■ Work instructions: Could you reproduce, word for word, everything below from the line containing "Bague Art Déco Ronde Rubis Et Diamants Roses" down to the line containing "22년말~ 23년 한", with both of those lines included and no others?

■ The records:

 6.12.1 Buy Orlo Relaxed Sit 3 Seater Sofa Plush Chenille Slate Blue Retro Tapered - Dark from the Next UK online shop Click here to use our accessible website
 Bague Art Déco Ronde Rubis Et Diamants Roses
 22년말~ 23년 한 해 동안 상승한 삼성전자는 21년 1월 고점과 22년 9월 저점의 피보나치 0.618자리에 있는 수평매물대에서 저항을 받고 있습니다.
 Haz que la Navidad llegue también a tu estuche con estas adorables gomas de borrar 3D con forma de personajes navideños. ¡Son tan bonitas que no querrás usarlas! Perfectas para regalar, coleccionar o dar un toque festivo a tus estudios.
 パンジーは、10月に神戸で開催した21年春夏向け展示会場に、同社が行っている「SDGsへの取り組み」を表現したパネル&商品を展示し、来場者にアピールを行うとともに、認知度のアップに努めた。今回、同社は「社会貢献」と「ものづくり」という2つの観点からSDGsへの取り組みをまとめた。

* * *

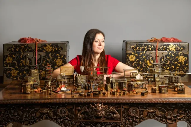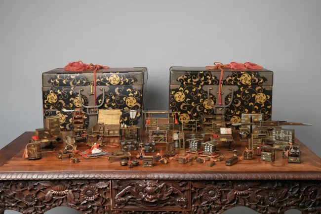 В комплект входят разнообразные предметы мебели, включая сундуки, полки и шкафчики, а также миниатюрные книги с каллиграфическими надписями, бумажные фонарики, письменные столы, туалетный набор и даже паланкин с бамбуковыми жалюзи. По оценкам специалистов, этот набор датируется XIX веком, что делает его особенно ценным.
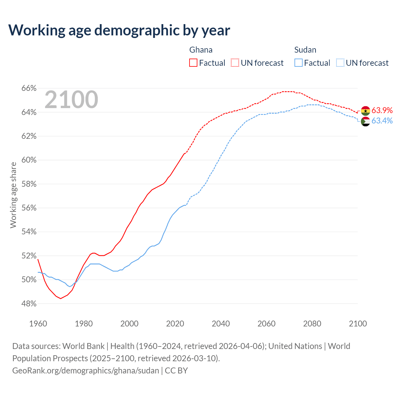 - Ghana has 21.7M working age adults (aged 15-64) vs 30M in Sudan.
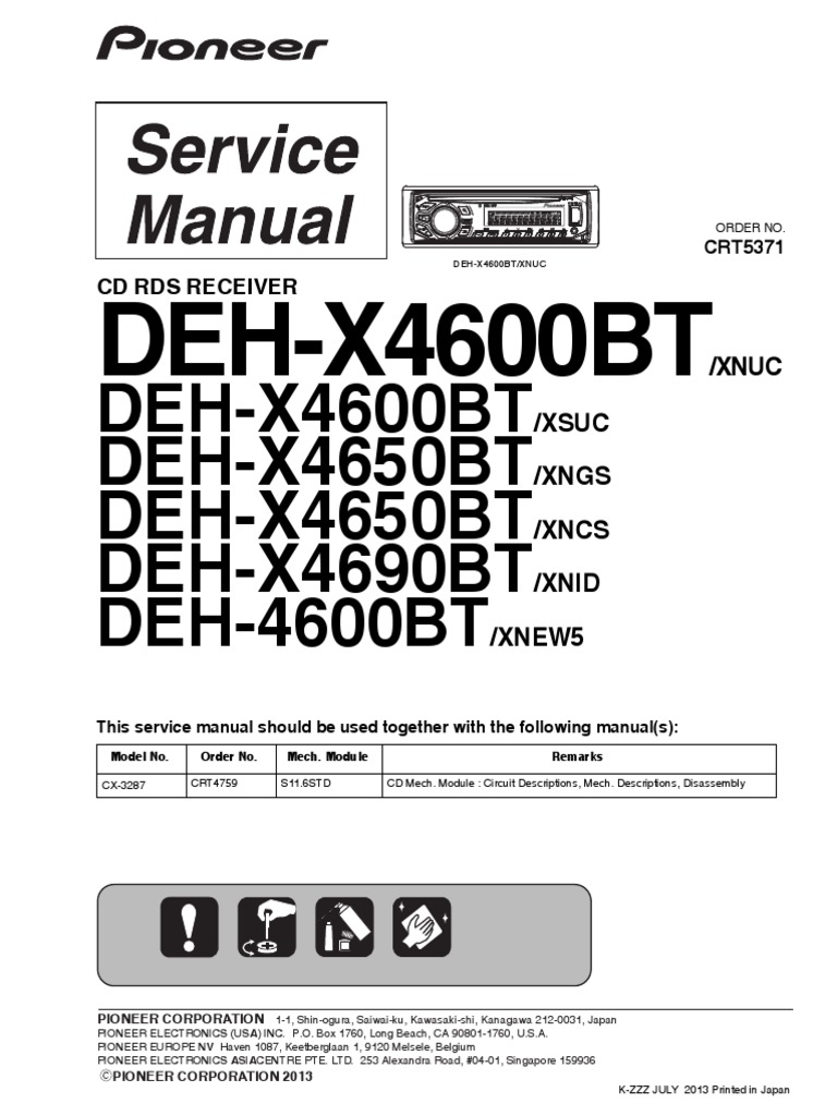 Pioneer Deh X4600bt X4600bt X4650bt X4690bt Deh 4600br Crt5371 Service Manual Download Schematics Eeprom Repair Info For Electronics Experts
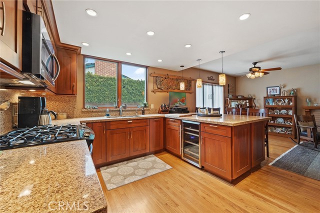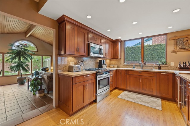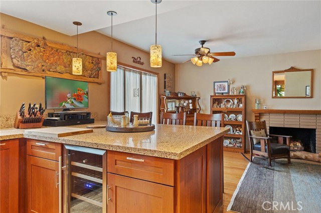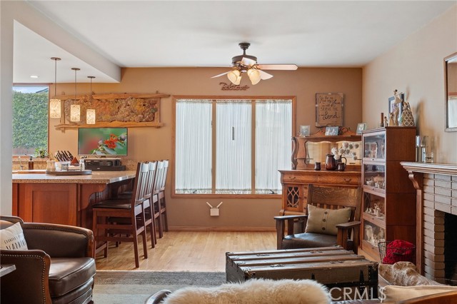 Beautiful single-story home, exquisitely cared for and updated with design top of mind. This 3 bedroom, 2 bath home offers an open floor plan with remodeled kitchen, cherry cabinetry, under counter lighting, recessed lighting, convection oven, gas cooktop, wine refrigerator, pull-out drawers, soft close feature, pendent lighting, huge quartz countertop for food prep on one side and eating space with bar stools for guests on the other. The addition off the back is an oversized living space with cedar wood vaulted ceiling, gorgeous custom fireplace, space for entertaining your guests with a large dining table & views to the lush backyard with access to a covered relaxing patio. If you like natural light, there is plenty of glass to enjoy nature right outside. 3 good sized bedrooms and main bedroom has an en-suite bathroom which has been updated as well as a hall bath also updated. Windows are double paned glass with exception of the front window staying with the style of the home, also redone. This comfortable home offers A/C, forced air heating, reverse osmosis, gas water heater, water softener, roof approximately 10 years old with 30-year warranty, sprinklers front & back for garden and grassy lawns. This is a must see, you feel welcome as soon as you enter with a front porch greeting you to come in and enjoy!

■ Your solution:
 Bague Art Déco Ronde Rubis Et Diamants Roses
 22년말~ 23년 한 해 동안 상승한 삼성전자는 21년 1월 고점과 22년 9월 저점의 피보나치 0.618자리에 있는 수평매물대에서 저항을 받고 있습니다.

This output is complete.